Bir kaç örnek vereyim..
Askerler bir eğlence ,balo yaparlar belli günlerde..
İl,ilçe vazifelilerini davet edersiniz,adam içkili diye gelmezse ona bir not koyarsınız...
Eşi kapalı,içki almadı,eşi dansetmedi diye..
Sonrada dinlersiniz,peşine asker takarsınız,dinci bu adam diye askerden atarsınız.
Öğretmenleri arkadaşları tanır,bilir yeni dünyaya gelmedi ya bu adam..
Yıllardan beri yaşıyor bu şehirde..
Yüzünüze iyi görünür okuldaki müdürümüz kimseye çaktırmadan gerekli baskıyı ve zorluğu gösterir..
Bakarsınız başörtülü bir hocahanım müdürün odasından ağlayarak çıkar...
Başımı açamam Hocam ben der bizlere..
Gider konuşuruz ama karar çoktan verilmiş.
Taşı sıksanız suyu çıkar bu adamların gözünden bir damla yaş çıkmaz..
***
O meşum günlerde,nelere şahit oldu bu gözlerim...
Geceleri bire ikilere kadar Öğretmenevinin Mavi Salonunda içki içmeye devam ederler..
Rüzgar bir defa ters esmektedir dindarlara...
Askerler ordudan atılır ,dindar,İrticacı suçlamasıyla...

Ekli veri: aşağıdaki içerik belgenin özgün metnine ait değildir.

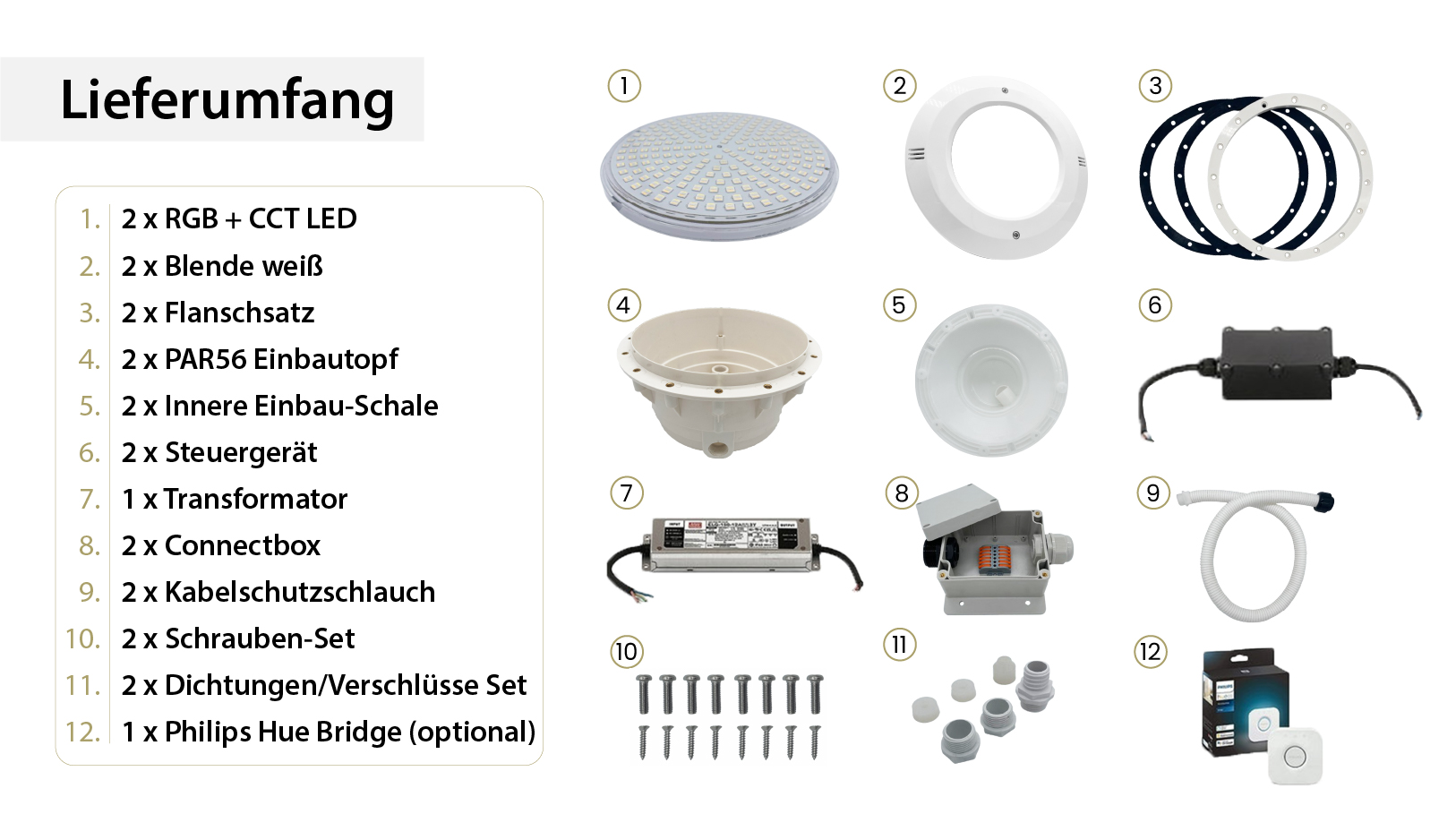 Haben Sie noch kein Smart Home System? Wir empfehlen Philips Hue!Die Philips Hue Bridge ist das zentrale Steuerelement des Systems und verbindet smarte Beleuchtung mit Ihrem Heimnetzwerk. Über die App steuern Sie sämtliche Funktionen ganz bequem. Die Bridge verwendet ZigBee für zuverlässige kabellose Verbindungen zu Ihren Poollampen und ermöglicht die Integration von bis zu 50 Geräten – auch bei komplexen Automatisierungen und Szenarien. Gerne können Sie die Philips Hue Bridge zusammen mit den Poollampen bei uns erwerben.

Öğretmenler içdüzeni bozdukları suçlamasıyla..
Askerlere,öğretmenlere uygulanan zulümleri yazsam elinize silahı alıp,öldürmeye koşarsınız bu adamları...

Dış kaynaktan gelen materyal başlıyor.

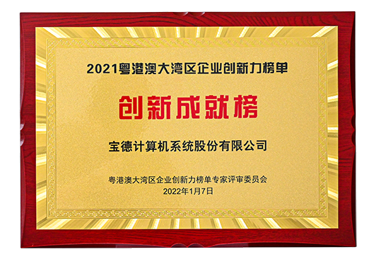 2021粵港澳大灣區創新力榜單是由深圳工業總會聯合廣東灣區新經濟研究院、深圳商報、深圳創新發展研究院等機構共同舉辦的一項旨在展示粵港澳大灣區創新趨勢和創新成果的公益性活動。其中.“創新成就榜”,主要面向大中型企業,其核心技術填補國內外空白或處于國內外領先水平,并具有較大社會影響或為行業標桿。寶德計算實力加冕,榮登榜單。自成立之初,寶德計算就格外注重研發創新,伴隨著二十余年的深耕細作,已擁有雄厚的板卡到整機系統的完全自主研發和靈活定制能力,布局了X86產品線、自強®產品線、特種領域產品線、產品和行業綜合解決方案等的完善算力,致力于成為中國領先的IT產品和解決方案提供商,賦能AI、云計算、大數據、5G、區塊鏈、元宇宙等新興技術創新和應用,為政府、互聯網、教育、金融、電力等行業客戶持續提供全棧服務。多年來,憑借不斷創新的產品技術和獨特的軟硬件綜合實力,寶德計算勇奪信創市場NO.1,穩居X86服務器國內品牌TOP5和全球TOP9、中國AI服務器NO.3……

Ahmet Kabaklı Merhum ağlatan mektuplar adıyla köşesinde günlerce yazmıştı..
***
Asker yakınları,eşleri askeri lojmanlara başı kapalı diye alınmadılar..
Asker oğlunun düğününde askeriye içine ninesi,yakınları alınmadı..

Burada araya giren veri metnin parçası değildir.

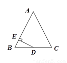 如圖,△ABC中,AB=AC=13,BC=10,D為BC中點,DE⊥AB于E,則DE= ▲ .
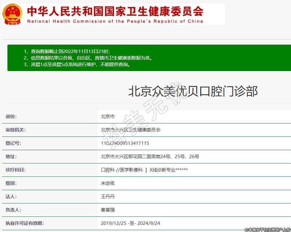 北京眾美優(yōu)貝口腔2019-03-12成立,地址:北京市大興區(qū)郁花園二里底商24號、25號、26號,診療科目:口腔科 //醫(yī)學影像科 | X線診斷專業(yè)******

Askeriye içine giremeyenler gözyaşlarına boğuldular yemin törenlerinde..
Sadece şehit olduysa girebildiler,bu vatana canını verdi diye..
Ülkerin kamyonu lojmana bismillah yazısı bantla kapatılarak ancak girebildi
İstanbul Sultanbeyli’de caddeye büst diktiler ana caddeye,büstü yakıp provakasyon yapmasınlar diye sabaha kadar..
Belediye memurları,Başkan Nabi Koçak nöbet tuttular..Büst plastikti çünkü,kendileri yakıp,hakaret diye veryansın ederlerdi..
Başörtülüler peruk taktılar..
Peruk satan mağazalar yok sattı o günlerde,
Bir çok başı örtülü memur kardeşimiz işini bırakıp evine çekilmek zorunda kaldı.
Cumhurbaşkanı Abdullah Gül Beyin eşinin başı örtülü olduğu için sınava alınmadığına şahit olmuştuk..
Resmi kurumlara giriş belgesinde başı açık resim kabul etmiyorlardı.
Merkezi ezan merkezi hutbeler o yıllarda icat edildi.
Ünüversite kapılarında kızların başını açmak için İkna odaları ihdas edildi,zorla başlar açtırıldı.
Yakında Belediye otobüslerine de başı kapalı bindirecekler diye korkutuldu halkımız..
Başı kapalı fotoğrafla hiç bir yere başvuramıyordunuz..
Ezan Türkçe olsun,namazda Türkçe okunsun ayetler hezeyanı yine başlamıştı...
O günün televizyon tartışma proğramlarına dönüp baksak daha neler görürüz neler..
Sanki şimdi hiç yaşanmamış gibi bu adamlar dindarlığa soyunmazlar mı birde...
***
Ekonomi bir gecede tepetaklak olurdu o günlerde..
Anayasa kitapcığı atılır,devalüasyon olurdu..
Koca adamlar bu kadar bir inceliği düşünmeden laf söylerlerdi...
Memleket karışır,önceden haberi olanlar parasını dövize çevirmişlerdi bir gecede voleyi vururlardı..
22 özel bankada paralar buharlaştı..
Doğru yoldan ayrılan milletvekillerinin mal varlıklarının arttığı söylenmişti...
Egebank,İmar Bankası,Toprakbank,Pamukbank vb..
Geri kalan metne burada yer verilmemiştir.